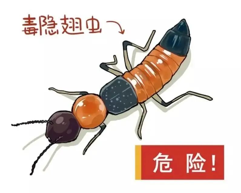 ③当隐翅虫落在身上时,千万不要拍打,应该小心吹走、抖落或使用纸巾等物品将其妥善处理,并避免皮肤直接接触到隐翅虫毒液。
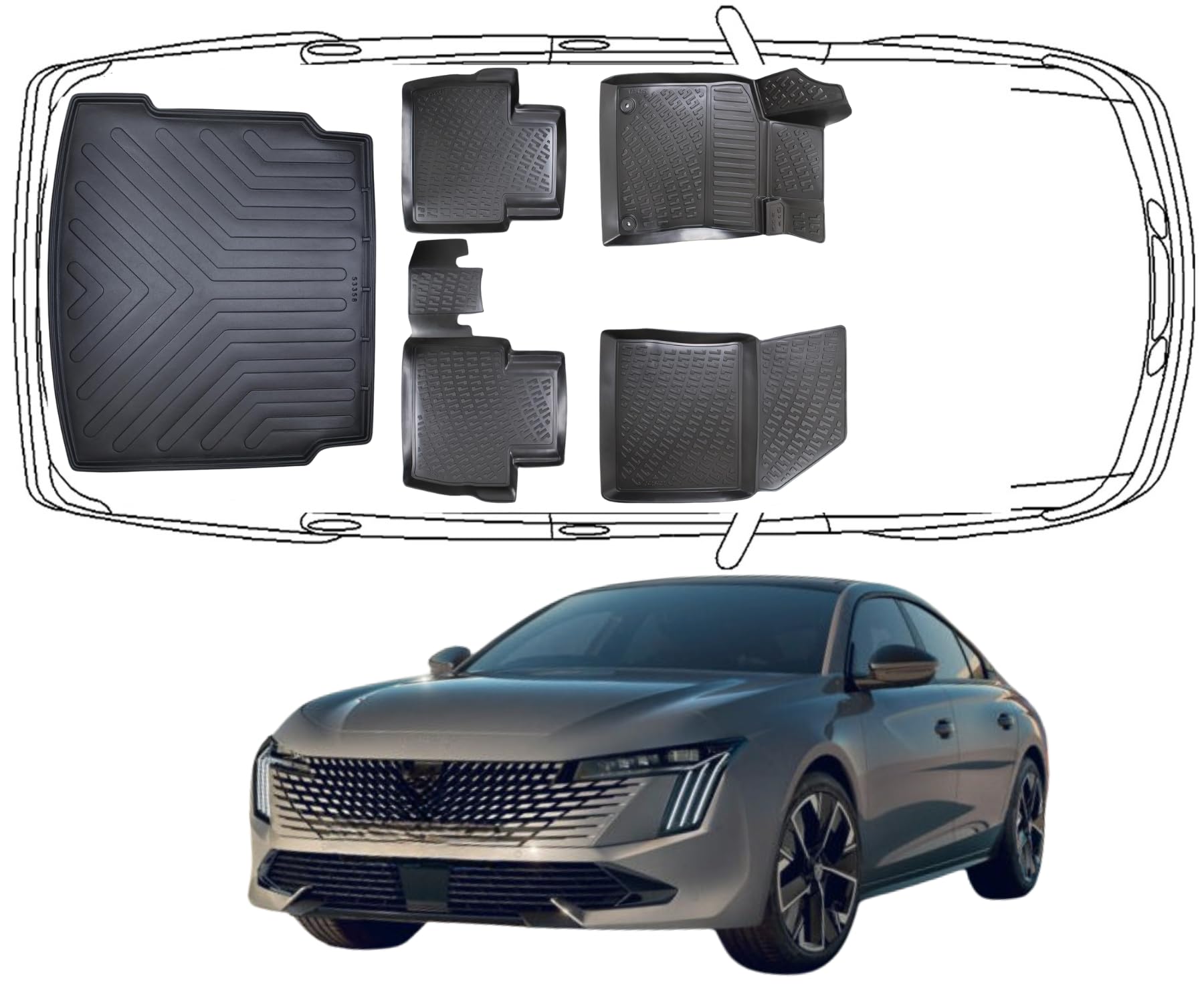 3D Fußmatten & Kofferraumwanne Auto Set Kompatibel mit Peugeot 508 II Sedan Limousine 2018-2025
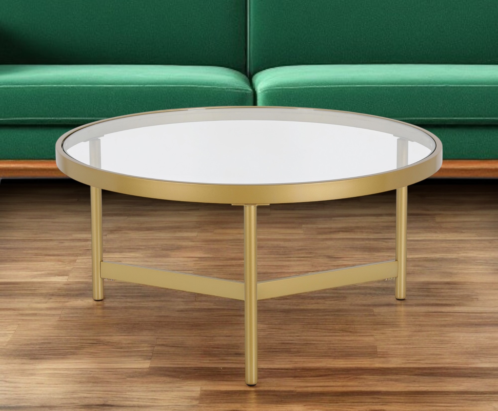 This good looking 32-inch gold glass and steel round coffee table is sure to inspire compliments no matter where it sits. A gold coloration runs throughout this good looking steel and glass table. This round table utilizes its unique shape to give your room a modern geometric accent. If you’re looking for something that can fit into a living area, bedroom, or office, this coffee table is for you. This coffee table is the sturdy, reliable and stylish answer to your living room needs. 16-inch H x 32-inch W x 32-inch D
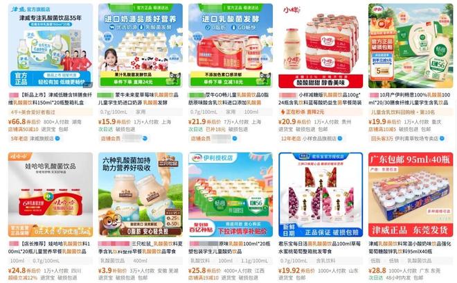 《消费者报道》记者搜索电商平台发现,目前在售的乳酸菌饮料产品种类繁多,除了伊利、蒙牛、光明、养乐多、味全、君乐宝、娃哈哈等以外,味动力、三只松鼠、盼盼、小样、界界乐等品牌都有推出相关产品。不同品牌的乳酸菌饮料售价从几元到数十元不等,每100ml售价为1元至2.2元。
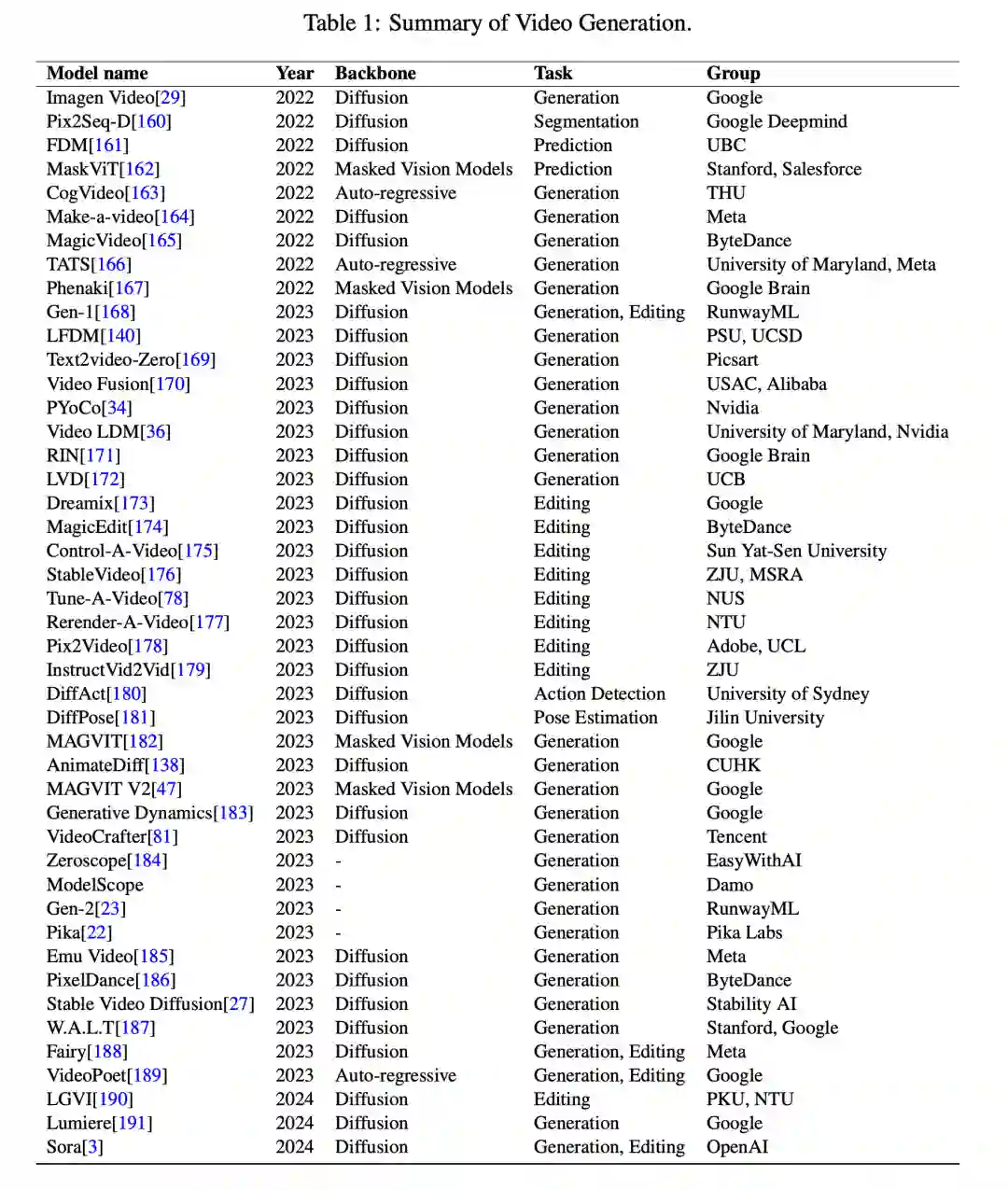 在本节中,研究者对 Sora 所使用的技术进行了逆向工程,并讨论了一系列相关工作。
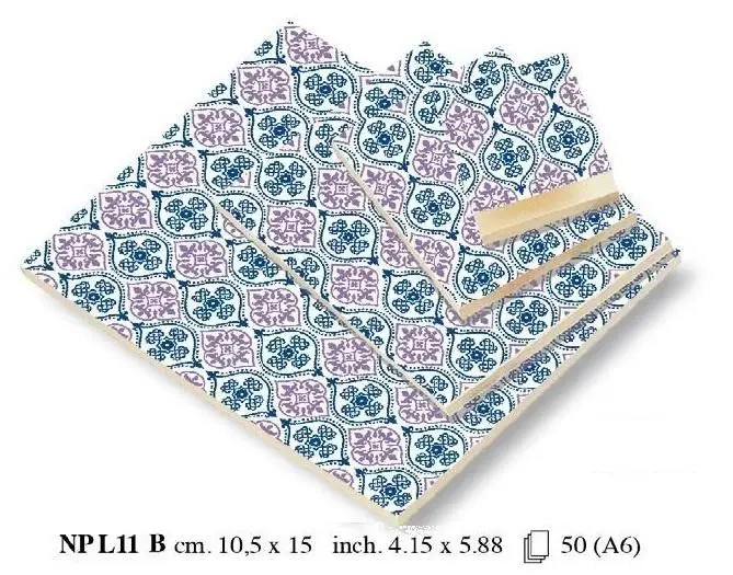 Luksusowy notes charakteryzujący się gładkimi kartkami o pastelowym, kremowym odcieniu, ukrytymi pod okładką z ozdobnym motywem. Ta notatnik ma praktyczny format A6 i zawiera 50 stron. Produkt ten jest przedstawicielem ekskluzywnej kolekcji gaklanteryjnej, wytworzony w uznanej włoskiej manufakturze.EAN: 8018646013546
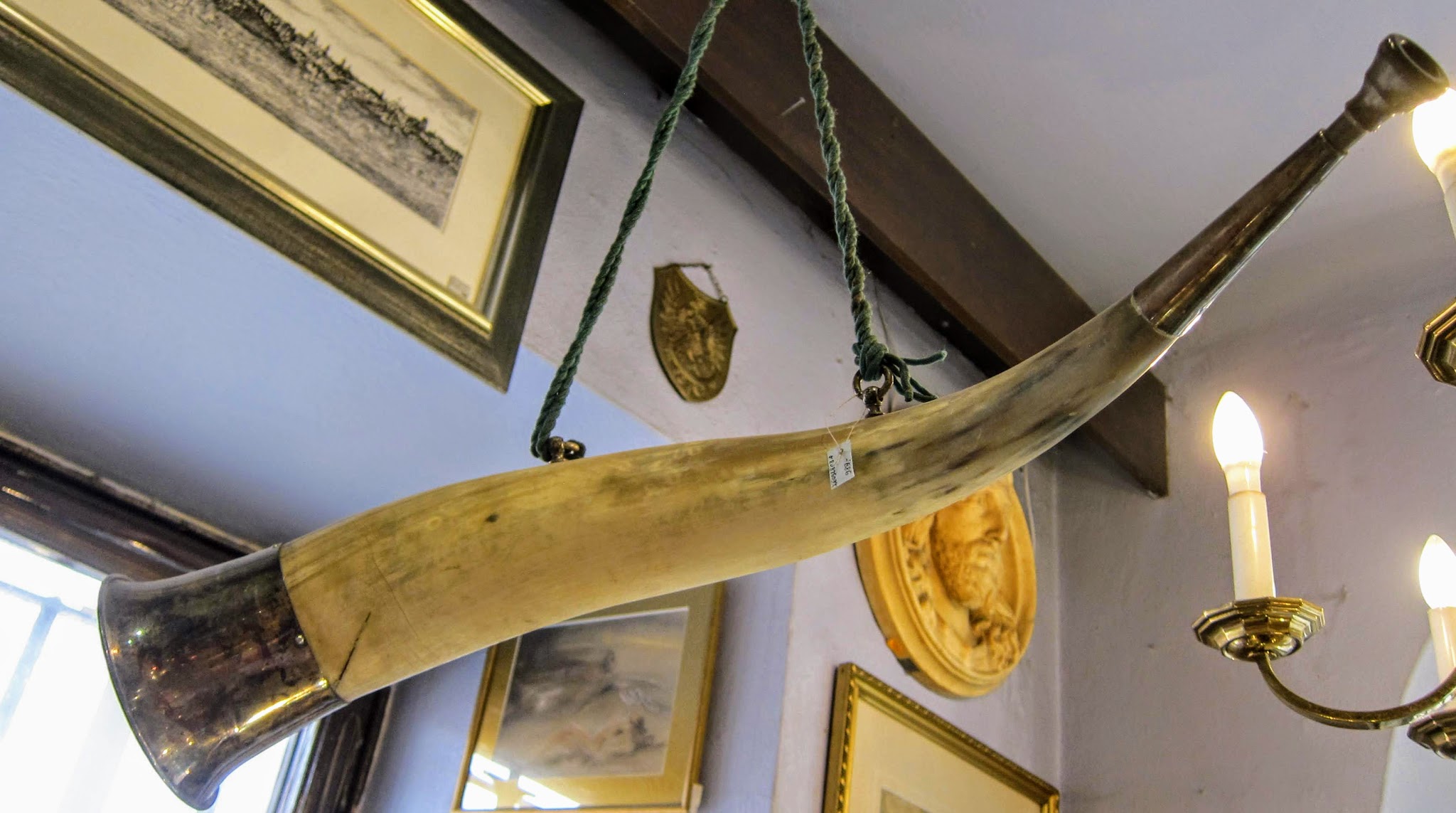 Róg posiada wyraźne ślady użytkowania, które dodają mu autentyczności i historii. To obiekt o dużej wartości kolekcjonerskiej i sentymentalnej, będący namacalnym łącznikiem z dawnymi tradycjami. Idealny jako centralny punkt kolekcji lub charakterystyczny element wystroju gabinetu, pracowni czy domu w stylu dworkowym.
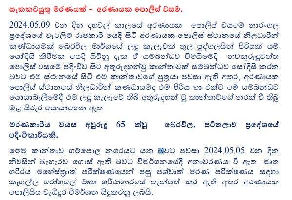 පොලීසිය සඳහන් කළේ 65 හැවිරිදි කාන්තාවකගේ සිරුරක් එලෙස හමුවී ඇති අතර ඇය බෙරවිල පටිතලාව ප්රදේශයේ පදිංචිකාරියක් බවය.
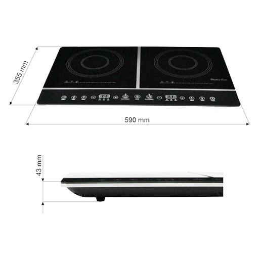 – Powierzchnia szklanej płyty: 590 x 355 mm
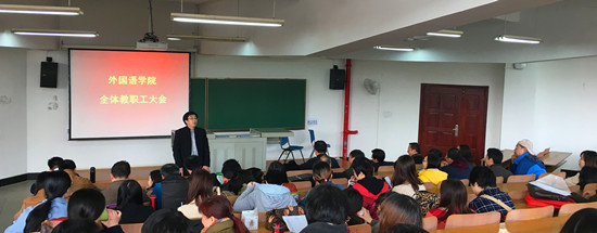 3月4日上午,外国语学院组织全体教职工在7教T201召开2018年新学期工作部署会,会议由学院党委常务副书记胡中原主持。会议特别邀请了校教务处处长何畏教授出席。
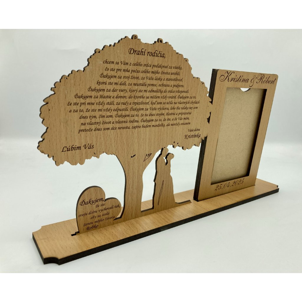 Potešte svojích rodičov originálnym darčekom. Jedinečne drevené poďakovanie pre rodičov s fotorámikom na mieru.
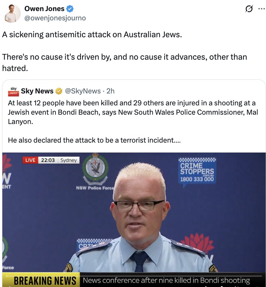 Responses to Owen Jones' Post on the Bondi Beach Attack
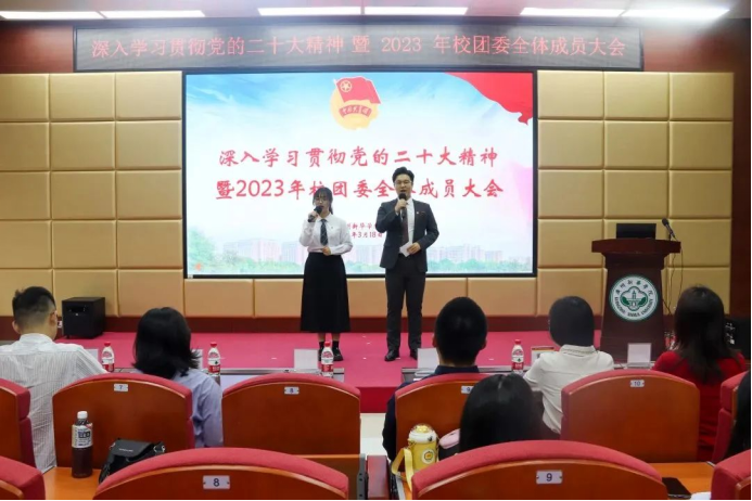 为深入学习领会党的二十大精神,用新的伟大奋斗创造新的伟业,2138CC太阳集团团委于2023年3月18日上午9:00在广州校区教学楼D101召开“深入学习贯彻党的二十大精神暨2023年校团委全体成员大会”。出席本次大会的有校团委书记代亮同志、副书记黄琳同志、副书记陈忱同志、实践部部长刘佳兴同志、团体部副部长李丹琳同志,校团委各部门干部代表以及全体新生干部。大会由杨丽旸、武秦豪同学主持。
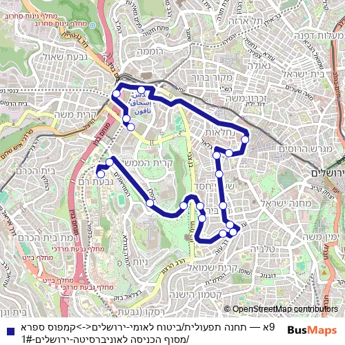 9א Bus - תחנה תפעולית/ביטוח לאומי-ירושלים<->קמפוס ספרא/מסוף הכניסה לאוניברסיטה-ירושלים-1#
◇ ◇ ◇ ◇ ◇
*WHAT THE EXERCISE ASKS*.
Leave out the pictures; repeat the data exactly.

*ANSWER FOR THE TASK*.
 ③当隐翅虫落在身上时,千万不要拍打,应该小心吹走、抖落或使用纸巾等物品将其妥善处理,并避免皮肤直接接触到隐翅虫毒液。
 3D Fußmatten & Kofferraumwanne Auto Set Kompatibel mit Peugeot 508 II Sedan Limousine 2018-2025
 This good looking 32-inch gold glass and steel round coffee table is sure to inspire compliments no matter where it sits. A gold coloration runs throughout this good looking steel and glass table. This round table utilizes its unique shape to give your room a modern geometric accent. If you’re looking for something that can fit into a living area, bedroom, or office, this coffee table is for you. This coffee table is the sturdy, reliable and stylish answer to your living room needs. 16-inch H x 32-inch W x 32-inch D
 《消费者报道》记者搜索电商平台发现,目前在售的乳酸菌饮料产品种类繁多,除了伊利、蒙牛、光明、养乐多、味全、君乐宝、娃哈哈等以外,味动力、三只松鼠、盼盼、小样、界界乐等品牌都有推出相关产品。不同品牌的乳酸菌饮料售价从几元到数十元不等,每100ml售价为1元至2.2元。
 在本节中,研究者对 Sora 所使用的技术进行了逆向工程,并讨论了一系列相关工作。
 Luksusowy notes charakteryzujący się gładkimi kartkami o pastelowym, kremowym odcieniu, ukrytymi pod okładką z ozdobnym motywem. Ta notatnik ma praktyczny format A6 i zawiera 50 stron. Produkt ten jest przedstawicielem ekskluzywnej kolekcji gaklanteryjnej, wytworzony w uznanej włoskiej manufakturze.EAN: 8018646013546
 Róg posiada wyraźne ślady użytkowania, które dodają mu autentyczności i historii. To obiekt o dużej wartości kolekcjonerskiej i sentymentalnej, będący namacalnym łącznikiem z dawnymi tradycjami. Idealny jako centralny punkt kolekcji lub charakterystyczny element wystroju gabinetu, pracowni czy domu w stylu dworkowym.
 පොලීසිය සඳහන් කළේ 65 හැවිරිදි කාන්තාවකගේ සිරුරක් එලෙස හමුවී ඇති අතර ඇය බෙරවිල පටිතලාව ප්රදේශයේ පදිංචිකාරියක් බවය.
 – Powierzchnia szklanej płyty: 590 x 355 mm
 3月4日上午,外国语学院组织全体教职工在7教T201召开2018年新学期工作部署会,会议由学院党委常务副书记胡中原主持。会议特别邀请了校教务处处长何畏教授出席。
 Potešte svojích rodičov originálnym darčekom. Jedinečne drevené poďakovanie pre rodičov s fotorámikom na mieru.
 Responses to Owen Jones' Post on the Bondi Beach Attack
 为深入学习领会党的二十大精神,用新的伟大奋斗创造新的伟业,2138CC太阳集团团委于2023年3月18日上午9:00在广州校区教学楼D101召开“深入学习贯彻党的二十大精神暨2023年校团委全体成员大会”。出席本次大会的有校团委书记代亮同志、副书记黄琳同志、副书记陈忱同志、实践部部长刘佳兴同志、团体部副部长李丹琳同志,校团委各部门干部代表以及全体新生干部。大会由杨丽旸、武秦豪同学主持。
 9א Bus - תחנה תפעולית/ביטוח לאומי-ירושלים<->קמפוס ספרא/מסוף הכניסה לאוניברסיטה-ירושלים-1#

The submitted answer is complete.